Enhance cybersecurity through partnerships and information sharing
Empower VA mission through cybersecurity risk management Office of Information and Technology
Each of the five areas have their own sets of goals to create the roadmap that fits into the department’s broader strategic plan. VA said the new strategy “takes into consideration existing and new federal cybersecurity requirements, technological advancements, innovations and world events that have evolved the way VA delivers services. It also factors in new and innovative ways to protect against today’s most sophisticated cybersecurity threats.”
Cunningham said VA is trying to take a different, maybe even stronger, risk management approach to cybersecurity.
“You can accept risk on face value. You can mitigate risk. You can deny the risk or not accept the risk, or you can transfer the risk, but the one risk you can’t do or one thing you can’t do with risk is ignore it. That’s where we saw especially during COVID, where we had to alter our protocols to meet the requirements,” he said. “We made sure all that was documented. We came up with review periods especially around some of the work we were doing with HHS, around video conferencing, risks that we didn’t normally take before we had to in order to make the mission work. We were looking at that risk acceptance and saying, ‘is it a change of a protocol now because we now understand the risk a little bit better, or is this something that we’re going to continue, but we need to figure out how we’re going to gracefully off ramp the acceptance of that risk during this critical point. So documentation is critical.”

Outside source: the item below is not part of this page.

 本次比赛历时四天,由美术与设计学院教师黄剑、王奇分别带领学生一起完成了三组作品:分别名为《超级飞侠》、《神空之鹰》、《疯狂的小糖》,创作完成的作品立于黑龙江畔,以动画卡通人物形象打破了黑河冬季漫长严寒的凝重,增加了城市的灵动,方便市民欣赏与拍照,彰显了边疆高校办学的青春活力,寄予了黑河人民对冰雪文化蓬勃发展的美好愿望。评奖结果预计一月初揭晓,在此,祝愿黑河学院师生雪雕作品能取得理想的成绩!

Authority over all IT spending
The good news for DelBene is the VA CIO is empowered today more than ever. In late 2019, the Secretary gave the CIO oversight and authority over all IT spending.

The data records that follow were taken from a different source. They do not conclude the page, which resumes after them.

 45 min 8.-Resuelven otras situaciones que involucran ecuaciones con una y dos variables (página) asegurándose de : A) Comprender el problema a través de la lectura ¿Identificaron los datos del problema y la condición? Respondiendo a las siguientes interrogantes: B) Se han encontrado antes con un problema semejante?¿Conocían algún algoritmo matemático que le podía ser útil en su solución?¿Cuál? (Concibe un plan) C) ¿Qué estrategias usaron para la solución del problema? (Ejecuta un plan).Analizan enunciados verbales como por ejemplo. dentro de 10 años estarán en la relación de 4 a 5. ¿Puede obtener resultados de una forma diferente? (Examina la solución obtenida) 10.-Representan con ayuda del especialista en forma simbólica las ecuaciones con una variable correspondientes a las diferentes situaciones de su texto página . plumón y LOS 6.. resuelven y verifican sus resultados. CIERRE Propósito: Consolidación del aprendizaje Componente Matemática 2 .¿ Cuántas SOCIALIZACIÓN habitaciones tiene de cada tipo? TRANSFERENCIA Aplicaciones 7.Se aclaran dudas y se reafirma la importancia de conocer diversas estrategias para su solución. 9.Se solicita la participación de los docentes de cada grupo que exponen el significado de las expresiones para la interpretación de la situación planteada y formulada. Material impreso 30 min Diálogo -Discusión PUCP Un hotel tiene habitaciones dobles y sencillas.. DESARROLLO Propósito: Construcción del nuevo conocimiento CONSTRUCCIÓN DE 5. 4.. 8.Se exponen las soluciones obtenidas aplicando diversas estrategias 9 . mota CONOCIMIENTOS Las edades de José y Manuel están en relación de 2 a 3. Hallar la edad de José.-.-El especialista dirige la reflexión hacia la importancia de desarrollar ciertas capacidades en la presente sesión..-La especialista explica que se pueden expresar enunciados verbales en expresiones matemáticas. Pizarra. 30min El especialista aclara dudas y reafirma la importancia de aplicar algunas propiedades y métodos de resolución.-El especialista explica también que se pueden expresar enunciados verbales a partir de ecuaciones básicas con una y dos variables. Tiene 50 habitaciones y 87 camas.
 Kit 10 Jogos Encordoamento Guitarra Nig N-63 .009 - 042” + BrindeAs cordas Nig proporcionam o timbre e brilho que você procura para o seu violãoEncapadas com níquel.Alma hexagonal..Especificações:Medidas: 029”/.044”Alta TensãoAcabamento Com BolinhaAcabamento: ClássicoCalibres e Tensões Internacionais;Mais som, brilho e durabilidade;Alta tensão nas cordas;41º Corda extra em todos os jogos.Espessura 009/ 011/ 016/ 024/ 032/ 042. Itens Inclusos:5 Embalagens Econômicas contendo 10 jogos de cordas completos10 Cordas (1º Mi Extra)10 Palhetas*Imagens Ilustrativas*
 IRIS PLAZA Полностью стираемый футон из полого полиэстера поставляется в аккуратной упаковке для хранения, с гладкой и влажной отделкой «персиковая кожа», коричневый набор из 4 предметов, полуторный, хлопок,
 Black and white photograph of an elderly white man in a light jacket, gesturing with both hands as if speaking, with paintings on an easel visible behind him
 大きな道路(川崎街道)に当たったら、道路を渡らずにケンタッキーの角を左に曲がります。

This means DelBene will be able to use the strategy to drive spending priorities in a way previous technology executives couldn’t. VA’s cybersecurity budget for fiscal 2022 is expected to be around $450 million, according to the White House’s budget documents. According to the Congressional Research Service, VA spends 0.52% of its discretionary budget on cybersecurity, putting it on the low end of federal agencies’ proportional spending on IT security. By comparison, DoD allocates 1.38% of its budget toward cybersecurity. DHS spends 3.81%, and Treasury spends 3.61%.

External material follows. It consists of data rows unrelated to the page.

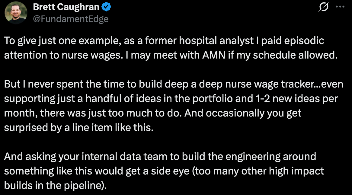 Former Healthcare PM vibecodes datasets his internal datateam would have never prioritized (@FundamentalEdge)
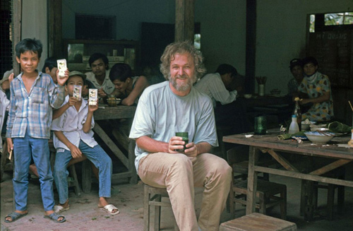 Ngày ấy hình ảnh một ông Tây đi du lịch còn xa lạ với người Việt. Hans-Peter đi đến bất cứ đâu, đám trẻ con tò mò bám theo xin được sờ râu, giật lông tay và ông thích cảm giác những đứa trẻ vây quanh mình. Ảnh: NVCC. |
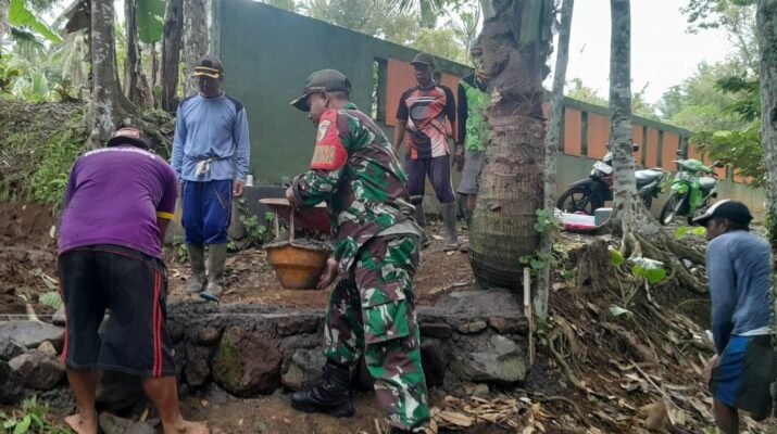 Songgon – Mengantisipasi ancaman erosi dan longsor di musim penghujan, Babinsa Koramil 0825/20 Songgon memimpin aksi nyata bersama warga Dusun Sumberrejo dalam karya bhakti pembuatan pondasi dan pelengsengan jalan pertanian, Rabu (19/11/2025). Kegiatan yang berlangsung sejak pukul 07.10 WIB ini menjadi jawaban konkret atas keresahan petani yang selama ini kesulitan mengakses lahan pertanian mereka, terutama saat musim hujan tiba. Dengan semangat gotong royong yang mengakar kuat, puluhan warga bergabung dengan personel TNI untuk membangun infrastruktur vital yang akan menjadi penopang ekonomi masyarakat desa.
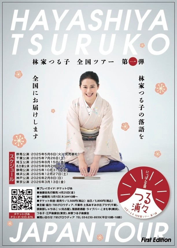 株式会社TBSグロウディア(東京都港区、代表取締役:園田憲)は、落語家・林家つる子の全国ツアー開催を発表した。
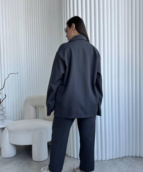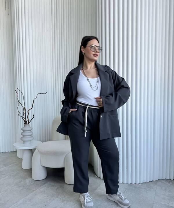 В комплект входит свободный пиджак и брюки прямого кроя. Пиджак выполнен в расслабленном силуэте, красиво сидит по фигуре, не сковывает движения и подходит для разных типов телосложения. Классический лацкан делает модель более выразительной и добавляет образу деловой нотки, а мягкая посадка позволяет носить такой верх не только как часть костюма, но и отдельно с другими вещами из гардероба. Декоративный пояс-шнур визуально подчёркивает талию, делает образ более собранным и добавляет интересный акцент без перегруженности.
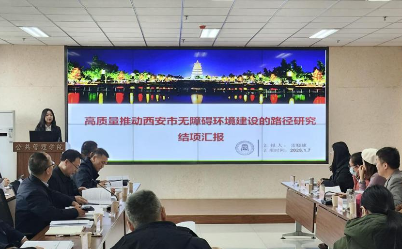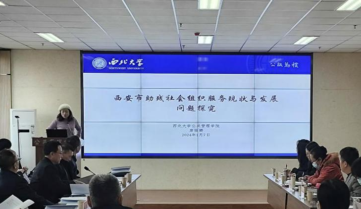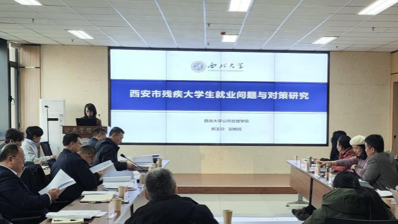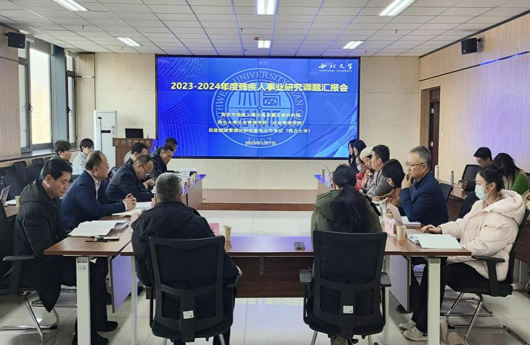 为促进西安市残疾人事业高质量发展,进一步加强残疾人事业理论和实践研究,2025年1月7日下午,由西安市残疾人事业高质量发展研究院、西北大学公共管理学院(应急管理学院)和民政部政策理论研究基地合作单位(西北大学)主办的西安市残疾人事业高质量发展研究院2023-2024年度研究课题结项汇报会在西北大学公共管理学院(应急管理学院)举行。会议由西安市残疾人事业高质量发展研究院常务副院长、西北大学公共管理学院副教授唐丽娜主持。西安市残疾人联合会党组书记、理事长荣亮,西安市残疾人联合会党组成员、二级巡视员、副理事长何永国,西安市残疾人联合会党组成员、副理事长樊颖,西安市残疾人联合会党总支专职副书记苟旭峰,西安市残疾人联合会维权处处长彭文峰,西安市残疾人联合会组联处副处长梁晓鹏,西安市残疾人联合会劳动就业服务中心主任赵文,西安市残疾人事业高质量发展研究院院长、西北大学公共管理学院(应急管理学院)院长、教授雷晓康,西北大学经济管理学院教授、博士生导师惠宁,西安市残疾人事业高质量发展研究院学术委员会委员、教授许琳,西北大学公共管理学院(应急管理学院)副教授郝玉玲,西北大学公共管理学院(应急管理学院)以及西北大学经济管理学院的相关学者及博硕士生等二十余人参加了本次座谈会。

Along with cybersecurity, DelBene also faces the ever-present IT modernization challenge. VA has made significant progress over the last few years, moving into a portfolio management approach and taking advantage of DevSecOps and cloud services.
VA also has moved 133 applications to the cloud and has another 82 in progress. It still has about 400 in-house developed apps, but the CIO’s office has worked to reduce the use of custom development from 57% in 2019 to 45% in 2021.